Red Clocks(55)



“I know, but just in case? Like if I need to take a cab.”

“Wait here, okay?” says the officer.

You can’t say it was rape or incest—nobody cares how it got into you.

The daughter watches the Soviet sweater woman and her husband pass their check. A middle-aged white couple breezes through after them. Older Asian woman: breeze. Younger black guy: less of a breeze. They ask him extra questions, which he answers in a flat, irritated voice. But he, too, finally heads back outside.

“Matilda Quarles?” says an officer with frizzy blond curls. “Would you come with me?”

“Where?”

“Just come with me, please.”

“My bus is leaving in a minute.”

“I understand that. You need to come with me.”

“But what if I miss my bus?”

The officer crosses her big arms. “Do we have a problem here?”

“No, ma’am.”





Meant to be slitting lambs and hanging them to drain over washtubs.

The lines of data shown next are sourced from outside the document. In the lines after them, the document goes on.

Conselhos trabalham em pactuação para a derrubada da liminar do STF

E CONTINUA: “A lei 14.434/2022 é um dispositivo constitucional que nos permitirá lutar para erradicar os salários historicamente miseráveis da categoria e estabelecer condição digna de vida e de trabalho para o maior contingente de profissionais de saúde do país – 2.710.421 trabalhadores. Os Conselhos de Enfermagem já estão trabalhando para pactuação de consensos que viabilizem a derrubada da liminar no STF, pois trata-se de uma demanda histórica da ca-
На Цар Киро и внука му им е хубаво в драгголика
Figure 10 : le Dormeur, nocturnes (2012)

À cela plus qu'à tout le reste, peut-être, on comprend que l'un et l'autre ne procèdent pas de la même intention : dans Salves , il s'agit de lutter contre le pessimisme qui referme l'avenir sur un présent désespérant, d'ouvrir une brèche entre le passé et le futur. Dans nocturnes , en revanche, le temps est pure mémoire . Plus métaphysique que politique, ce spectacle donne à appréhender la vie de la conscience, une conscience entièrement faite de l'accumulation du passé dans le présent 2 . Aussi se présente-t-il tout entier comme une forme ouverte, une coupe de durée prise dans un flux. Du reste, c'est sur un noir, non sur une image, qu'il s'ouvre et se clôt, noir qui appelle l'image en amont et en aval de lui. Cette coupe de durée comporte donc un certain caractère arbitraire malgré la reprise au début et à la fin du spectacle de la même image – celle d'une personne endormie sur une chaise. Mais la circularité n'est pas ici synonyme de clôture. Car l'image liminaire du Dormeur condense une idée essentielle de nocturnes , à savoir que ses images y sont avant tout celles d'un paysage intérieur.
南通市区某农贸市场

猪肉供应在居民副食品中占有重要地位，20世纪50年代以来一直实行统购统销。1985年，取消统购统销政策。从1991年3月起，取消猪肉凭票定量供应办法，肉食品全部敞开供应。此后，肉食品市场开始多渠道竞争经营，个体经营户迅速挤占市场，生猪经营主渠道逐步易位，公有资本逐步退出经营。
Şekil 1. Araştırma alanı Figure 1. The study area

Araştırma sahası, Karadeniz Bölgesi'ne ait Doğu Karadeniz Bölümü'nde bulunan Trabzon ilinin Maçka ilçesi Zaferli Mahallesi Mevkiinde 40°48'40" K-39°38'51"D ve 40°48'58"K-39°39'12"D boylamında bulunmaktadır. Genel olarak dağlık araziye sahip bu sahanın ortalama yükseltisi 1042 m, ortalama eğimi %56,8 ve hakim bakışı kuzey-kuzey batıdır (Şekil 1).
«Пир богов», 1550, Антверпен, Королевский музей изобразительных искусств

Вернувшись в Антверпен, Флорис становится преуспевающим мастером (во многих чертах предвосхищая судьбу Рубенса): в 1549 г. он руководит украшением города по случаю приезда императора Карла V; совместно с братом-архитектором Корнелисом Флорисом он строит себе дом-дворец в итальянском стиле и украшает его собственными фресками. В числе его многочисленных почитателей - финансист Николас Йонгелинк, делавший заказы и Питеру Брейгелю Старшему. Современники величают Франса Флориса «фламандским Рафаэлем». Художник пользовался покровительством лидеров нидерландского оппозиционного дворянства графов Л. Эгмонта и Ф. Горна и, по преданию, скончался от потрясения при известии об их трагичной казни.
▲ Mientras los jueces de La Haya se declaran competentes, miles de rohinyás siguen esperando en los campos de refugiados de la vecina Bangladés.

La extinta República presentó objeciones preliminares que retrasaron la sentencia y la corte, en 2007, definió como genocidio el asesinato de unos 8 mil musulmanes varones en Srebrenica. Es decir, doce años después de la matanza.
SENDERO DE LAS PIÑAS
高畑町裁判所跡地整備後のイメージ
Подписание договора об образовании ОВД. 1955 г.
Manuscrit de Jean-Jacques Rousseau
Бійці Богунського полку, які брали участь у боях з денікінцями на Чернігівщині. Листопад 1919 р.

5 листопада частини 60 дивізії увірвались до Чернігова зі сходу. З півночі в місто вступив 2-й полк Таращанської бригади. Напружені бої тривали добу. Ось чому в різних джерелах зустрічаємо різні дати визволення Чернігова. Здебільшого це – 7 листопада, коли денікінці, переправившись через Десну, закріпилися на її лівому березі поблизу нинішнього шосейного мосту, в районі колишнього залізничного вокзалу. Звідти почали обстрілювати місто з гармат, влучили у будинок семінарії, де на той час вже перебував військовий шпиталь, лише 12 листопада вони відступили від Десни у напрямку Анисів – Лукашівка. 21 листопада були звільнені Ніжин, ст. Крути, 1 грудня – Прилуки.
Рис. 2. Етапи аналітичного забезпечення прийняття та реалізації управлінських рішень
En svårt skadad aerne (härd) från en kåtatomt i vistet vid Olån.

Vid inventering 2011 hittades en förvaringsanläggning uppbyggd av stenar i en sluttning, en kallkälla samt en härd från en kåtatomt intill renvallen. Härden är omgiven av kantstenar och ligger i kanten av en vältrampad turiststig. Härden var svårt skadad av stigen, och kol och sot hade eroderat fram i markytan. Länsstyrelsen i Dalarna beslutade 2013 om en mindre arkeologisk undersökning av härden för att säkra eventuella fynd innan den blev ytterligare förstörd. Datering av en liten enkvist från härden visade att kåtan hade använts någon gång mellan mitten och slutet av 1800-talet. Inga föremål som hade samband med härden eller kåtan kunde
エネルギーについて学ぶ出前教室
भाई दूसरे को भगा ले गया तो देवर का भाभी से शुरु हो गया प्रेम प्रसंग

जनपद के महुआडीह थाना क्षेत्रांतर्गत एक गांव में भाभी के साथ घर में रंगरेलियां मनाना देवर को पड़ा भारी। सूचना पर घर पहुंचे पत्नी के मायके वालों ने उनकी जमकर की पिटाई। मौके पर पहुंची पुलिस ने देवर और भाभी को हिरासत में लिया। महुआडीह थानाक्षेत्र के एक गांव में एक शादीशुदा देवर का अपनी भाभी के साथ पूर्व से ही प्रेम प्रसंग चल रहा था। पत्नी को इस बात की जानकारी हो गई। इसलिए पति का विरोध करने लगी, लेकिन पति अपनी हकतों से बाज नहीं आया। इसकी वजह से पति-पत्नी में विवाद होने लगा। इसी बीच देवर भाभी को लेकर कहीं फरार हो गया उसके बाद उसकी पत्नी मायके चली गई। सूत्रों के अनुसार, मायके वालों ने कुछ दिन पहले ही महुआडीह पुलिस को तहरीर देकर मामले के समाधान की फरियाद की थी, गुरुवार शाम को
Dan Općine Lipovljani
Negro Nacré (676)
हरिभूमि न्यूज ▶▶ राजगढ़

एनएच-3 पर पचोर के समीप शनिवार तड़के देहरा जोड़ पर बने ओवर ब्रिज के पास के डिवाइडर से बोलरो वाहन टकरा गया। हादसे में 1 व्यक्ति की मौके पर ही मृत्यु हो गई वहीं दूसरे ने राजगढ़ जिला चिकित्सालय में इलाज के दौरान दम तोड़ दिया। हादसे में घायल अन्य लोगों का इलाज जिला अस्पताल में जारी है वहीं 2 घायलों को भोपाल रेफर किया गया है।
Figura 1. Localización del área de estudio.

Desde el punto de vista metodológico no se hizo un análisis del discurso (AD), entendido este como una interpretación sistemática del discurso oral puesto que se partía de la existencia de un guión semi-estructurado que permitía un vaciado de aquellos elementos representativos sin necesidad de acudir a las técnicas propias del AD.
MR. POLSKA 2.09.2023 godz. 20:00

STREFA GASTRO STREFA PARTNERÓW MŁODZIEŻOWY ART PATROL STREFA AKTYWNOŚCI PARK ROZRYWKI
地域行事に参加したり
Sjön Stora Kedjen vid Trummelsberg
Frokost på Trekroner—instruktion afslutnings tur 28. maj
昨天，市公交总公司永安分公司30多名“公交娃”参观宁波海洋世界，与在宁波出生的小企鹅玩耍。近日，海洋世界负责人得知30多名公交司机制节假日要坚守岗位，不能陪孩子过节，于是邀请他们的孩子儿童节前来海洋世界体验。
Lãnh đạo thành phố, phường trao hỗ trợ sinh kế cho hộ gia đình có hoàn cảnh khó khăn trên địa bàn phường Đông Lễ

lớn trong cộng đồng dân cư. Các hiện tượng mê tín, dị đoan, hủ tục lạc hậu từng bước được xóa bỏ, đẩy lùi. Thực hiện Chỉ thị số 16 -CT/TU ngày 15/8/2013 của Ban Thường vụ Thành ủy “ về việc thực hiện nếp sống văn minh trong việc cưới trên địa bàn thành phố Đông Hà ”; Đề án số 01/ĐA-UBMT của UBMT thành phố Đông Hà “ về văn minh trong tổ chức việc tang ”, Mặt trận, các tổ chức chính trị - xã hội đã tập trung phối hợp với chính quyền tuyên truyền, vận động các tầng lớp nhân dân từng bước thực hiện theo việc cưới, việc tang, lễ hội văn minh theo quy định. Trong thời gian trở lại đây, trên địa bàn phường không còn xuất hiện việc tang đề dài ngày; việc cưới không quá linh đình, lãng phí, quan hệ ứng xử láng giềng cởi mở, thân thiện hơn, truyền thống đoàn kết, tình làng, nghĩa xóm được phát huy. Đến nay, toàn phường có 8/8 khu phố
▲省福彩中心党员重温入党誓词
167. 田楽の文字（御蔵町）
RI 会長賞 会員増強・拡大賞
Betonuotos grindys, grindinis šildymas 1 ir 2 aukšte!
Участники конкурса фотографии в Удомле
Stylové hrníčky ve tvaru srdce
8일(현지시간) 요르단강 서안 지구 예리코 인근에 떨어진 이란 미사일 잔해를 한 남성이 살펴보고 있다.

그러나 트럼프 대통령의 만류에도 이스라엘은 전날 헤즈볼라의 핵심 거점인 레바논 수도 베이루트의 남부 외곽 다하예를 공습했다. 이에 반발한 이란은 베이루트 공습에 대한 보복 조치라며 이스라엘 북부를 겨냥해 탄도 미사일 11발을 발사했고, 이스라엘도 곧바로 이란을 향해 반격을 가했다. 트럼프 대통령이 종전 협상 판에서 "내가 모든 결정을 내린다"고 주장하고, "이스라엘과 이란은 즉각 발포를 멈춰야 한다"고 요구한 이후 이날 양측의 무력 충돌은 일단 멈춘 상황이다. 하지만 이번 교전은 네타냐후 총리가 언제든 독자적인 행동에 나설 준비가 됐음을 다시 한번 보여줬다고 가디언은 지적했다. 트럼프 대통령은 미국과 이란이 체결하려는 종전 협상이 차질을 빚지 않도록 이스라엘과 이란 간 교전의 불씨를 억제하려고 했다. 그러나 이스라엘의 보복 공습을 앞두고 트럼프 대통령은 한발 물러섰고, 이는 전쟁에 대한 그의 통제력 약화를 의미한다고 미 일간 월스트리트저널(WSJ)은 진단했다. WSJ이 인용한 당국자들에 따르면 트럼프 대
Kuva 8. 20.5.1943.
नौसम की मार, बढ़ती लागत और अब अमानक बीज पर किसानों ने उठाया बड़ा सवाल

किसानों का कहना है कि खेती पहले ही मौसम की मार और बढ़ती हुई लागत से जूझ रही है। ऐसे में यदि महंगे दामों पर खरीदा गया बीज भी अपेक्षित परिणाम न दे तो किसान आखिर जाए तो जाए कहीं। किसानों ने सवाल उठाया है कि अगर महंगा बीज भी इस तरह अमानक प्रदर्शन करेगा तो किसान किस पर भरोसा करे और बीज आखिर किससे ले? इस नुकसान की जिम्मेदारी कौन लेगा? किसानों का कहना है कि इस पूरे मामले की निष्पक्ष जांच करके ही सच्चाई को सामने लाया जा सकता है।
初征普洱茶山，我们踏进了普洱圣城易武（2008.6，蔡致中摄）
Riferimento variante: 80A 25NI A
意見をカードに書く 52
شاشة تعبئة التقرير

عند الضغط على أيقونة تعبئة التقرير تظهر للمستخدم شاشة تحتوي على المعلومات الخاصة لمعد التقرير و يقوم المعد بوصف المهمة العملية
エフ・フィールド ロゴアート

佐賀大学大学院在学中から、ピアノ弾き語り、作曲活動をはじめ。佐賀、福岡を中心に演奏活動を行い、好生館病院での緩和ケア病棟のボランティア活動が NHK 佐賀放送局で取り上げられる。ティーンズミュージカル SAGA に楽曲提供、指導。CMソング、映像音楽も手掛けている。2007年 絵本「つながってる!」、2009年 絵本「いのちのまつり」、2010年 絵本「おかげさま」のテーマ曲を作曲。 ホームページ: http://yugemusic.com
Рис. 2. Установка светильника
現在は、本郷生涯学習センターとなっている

Instead: riding a ship to gather facts in the boreal wilderness.





THE MENDER


Was disappointed to learn the girl’s name—such a well-behaved name. The mender’s own is no better. People have asked, over the years, Is it actually Virginia? Jennifer? No, just Gin. Are you named for a relative? No, for the alcohol. Oh, how funny, but really, where does it come from? But really it came from the alcohol, her mother’s preferred.

The mender would have named the girl Temple Jr.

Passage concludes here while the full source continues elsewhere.